First, you have to instantiate the container.

from dimi import Container

di = Container()

All the dependencies are stored/assembled/injected from/to particular Container instance. If you have multiple container instances, they are completely independent.

Adding dependencies to the Container

The container accepts callable objects to be placed inside

@di.dependency # decorator puts the dependency inside the container
def get_service_config():
    return {'url': 'http://example.com', 'token': '1234'}
Alternatively, you can call it directly

# put the dependency inside the container
di.dependency(get_service_config)

In fact, under the hood this decorator calls di.__setitem__, which may be used as well:

di[get_service_config] = get_service_config

All the same syntax works as well for

  • classes
  • async functions
@di.dependency
class A:
    def __init__(self):
        self.arg = 100

@di.dependency
async def async_func():
    return 'something_useful'

Extracting dependencies from the container

"Extracting the dependency" means

  • resolving sub-dependencies if they exist
  • calling the callable being stored inside the container and providing the result.

There are two ways to extract a dependency:

  • dict-like API
# function result is provided
assert di[get_service_config] == {'url': 'http://example.com', 'token': 'abcdef123'}

# class instance is provided
assert di[A].arg == 100

# coroutine is provided and has to be awaited to retrieve the result
assert await di[async_func] == 'something_useful'
  • inject decorator

Dependencies from the container may be injected as keyword arguments into functions/methods calls.

typing.Annotated is used to mark the requirement for a particular dependency

from typing import Annotated

class ApiClient:
    @di.inject
    def __init__(self, config: Annotated[dict, get_service_config]):
        self.url, self.token = config['url'], config['token']

# Now ApiClient may be instantiated (called) without "config" argument,
# its value will be injected from the DI container

client = ApiCLient()
assert client.url == 'http://example.com'

The same works for functions (both sync and async):

@di.inject
async def async_func2(arg: Annotated[str, async_func]):
    return "really_" + arg

assert await async_func2() == 'really_something_useful'

Sub-dependencies and Annotated

  • Annotated[SomeType, some_callable] can also be used to define a relationship between dependencies.
@di.dependency
def get_f():
    return 'F'

@di.dependency
def get_g():
    return 'G'

@di.dependency
def get_fg(arg1: Annotated[str, get_f], arg2: Annotated[str, get_g])
    return arg1 + arg2


assert di[get_fg] == 'FG'

Annotated syntax

As you may see from the examples above, typing.Annotated can be used for

  • Wiring the dependencies between each other inside the DI Container
  • Declaring dependencies for a function/method where these dependencies are going to be injected

For most of the cases dimi uses only second argument of the Annotated, while the first one is for the type checkers like mypy.

For the sake of convenience Annotated[] has multiple supported syntax options:

  • Annotated[int, my_function] - base syntax for function-based dependency.
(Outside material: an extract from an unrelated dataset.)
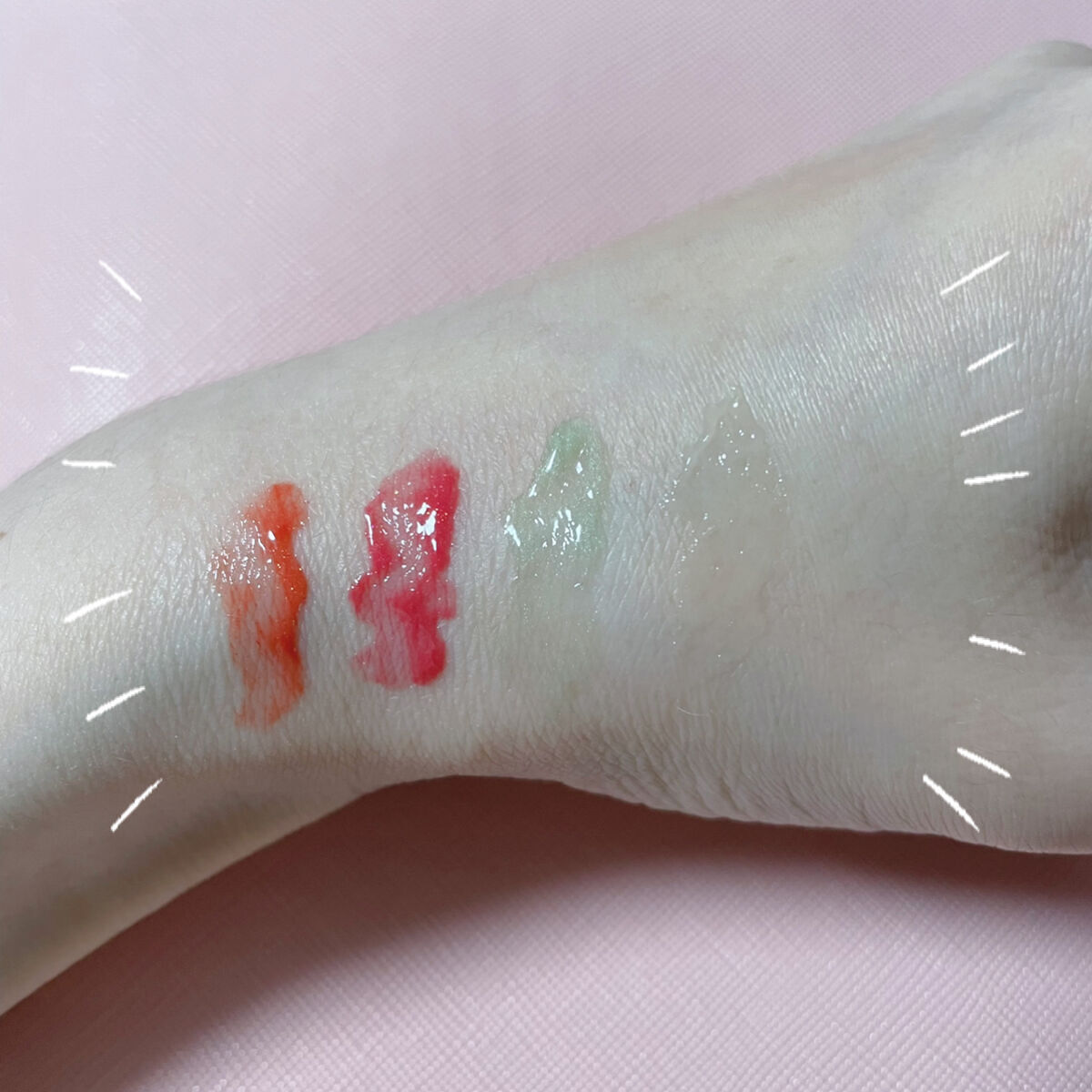 どの色も使いやすく、捨て色がありません😌 公式サイトで見た時は、ピンクみが強いかなと思ったけど、オレンジ寄りのピンクもあるのでイエベさんでも使いやすいと思います😊 この価格でこんなに使いやすくて綺麗に仕上がるの、やはりCANMAKE最強ですね✨ 真ん中のハイライトカラーは涙袋作りに使っています。キラキラ感がちょうど良く、綺麗な仕上がりになります!

Causes my_function() to be called and the result to be injected as the parameter value
  • Annotated[MyClass, ...], which is the shortcut for Annotated[MyClass, MyClass] - causes MyClass() to be instantiated by calling its __init__() method.
  • Annotated[int, "my_function"] - string-based annotation. It may be a convenient option if you don't want to import my_function directly.
  • Annotated[int, "MyClass.some_param"] - string-based annotation with parameter(s). May be very useful if you have a dedicated class which stores all the configuration of the app, but you want to inject only particular setting/parameter.

Note

Annotation resolution is lazy for @di.inject and not lazy for @di.dependency 

# this one works fine

@di.inject
def func_1(arg: Annotated[int, "func_2"]):
    return arg

@di.dependency
def func_2():
    return 10

# while that one leads to UnknownDependency error

@di.dependency
def func_1(arg: Annotated[int, "func_2"]):
    return arg

@di.dependency
def func_2():
    return 10

Scopes

Scope may help you to cache first result of a function call and reuse it for the next calls.

The ways to define a Scope for a dependency:

  • decorator 

    from dimi import Singleton

@di.dependency(scope=Singleton)
async def async_func():
    print('This message will be printed only once due to caching')
    return 'something_useful'

  • dependency() call

di.dependency(async_func, scope=Singleton)
  • dict-like API
di[async_func] = Singleton(async_func)

Existing scopes

  • dimi.scopes.Singleton caches the first call of a function and after that always returns the same cached value for the whole lifetime of the app.
  • dimi.scopes.Context also caches the result of the first function call, but stores the value inside contextvars.ContextVar instance. Effectively it means that:
    • In async web frameworks like FastAPI each request has its own value inside Context scope, but within this request this value will be preserved.
    • Each thread also has its own separate value which will be preserved inside that thread

Dependency aliases

If your dependency is a function which returns some class instance, you can add both of them into the DI container using add_return_alias=True option:

@di.dependency(add_return_alias=True)
def api_client() -> ApiClient:  # type hint is mandatory
    return ApiClient(url='http://example.com', token='1234')

assert di[api_client] == di[ApiClient]

Overriding

To temporarily override dependencies inside the container you can use override() context manager. It preserves the state of the DI container and restores it after exit.

@di.dependency
def get_f():
    return 'F'

@di.dependency
def get_g():
    return 'G'

@di.dependency
def get_fg(arg1: Annotated[str, get_f], arg2: Annotated[str, get_g])
    return arg1 + arg2


assert di[get_fg] == 'FG'

with di.override():
    di[get_f] = lambda: 'q'
    assert di[get_fg] == 'qG'

assert di[get_fg] == 'FG'

di.override() also accepts optional overridings: dict[Callable, Callable] | None parameter:

with di.override({get_f: lambda: 'q'}):
    assert di[get_fg] == 'qG'